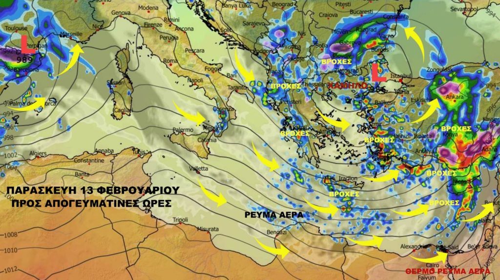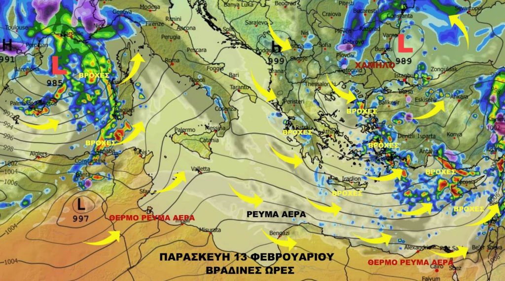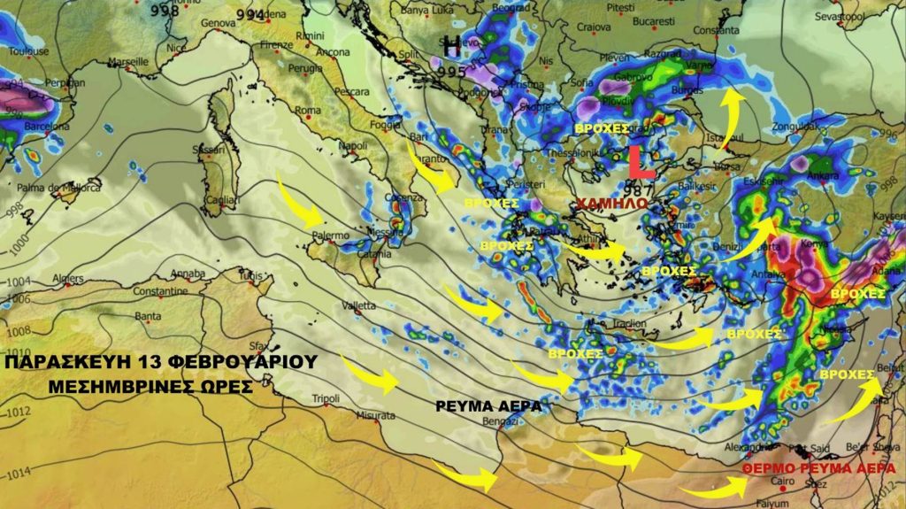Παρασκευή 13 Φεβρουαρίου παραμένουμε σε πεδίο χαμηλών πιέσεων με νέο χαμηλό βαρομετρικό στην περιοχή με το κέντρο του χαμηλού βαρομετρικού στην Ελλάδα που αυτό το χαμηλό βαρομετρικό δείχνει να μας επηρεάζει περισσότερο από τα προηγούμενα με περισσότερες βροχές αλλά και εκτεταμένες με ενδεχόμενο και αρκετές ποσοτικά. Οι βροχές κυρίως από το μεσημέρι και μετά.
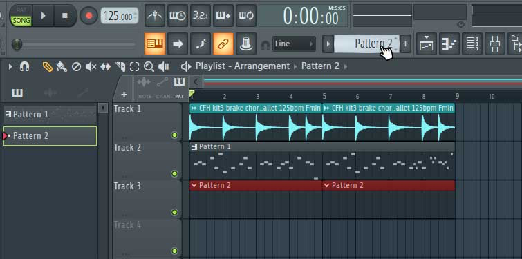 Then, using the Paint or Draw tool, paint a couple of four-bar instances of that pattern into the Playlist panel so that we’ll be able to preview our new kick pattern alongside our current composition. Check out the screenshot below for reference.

* * * * * * * * *

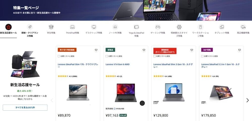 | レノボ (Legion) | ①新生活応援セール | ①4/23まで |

* * * * * * * * *

**Assigned task**
Leaving out all pictures, set down exactly the lines of the material above, from the line with "Παρασκευή 13 Φεβρουαρίου" to the line with "Then, using the" inclusive, and no others.

**Answer section**
Παρασκευή 13 Φεβρουαρίου παραμένουμε σε πεδίο χαμηλών πιέσεων με νέο χαμηλό βαρομετρικό στην περιοχή με το κέντρο του χαμηλού βαρομετρικού στην Ελλάδα που αυτό το χαμηλό βαρομετρικό δείχνει να μας επηρεάζει περισσότερο από τα προηγούμενα με περισσότερες βροχές αλλά και εκτεταμένες με ενδεχόμενο και αρκετές ποσοτικά. Οι βροχές κυρίως από το μεσημέρι και μετά.
 Then, using the Paint or Draw tool, paint a couple of four-bar instances of that pattern into the Playlist panel so that we’ll be able to preview our new kick pattern alongside our current composition. Check out the screenshot below for reference.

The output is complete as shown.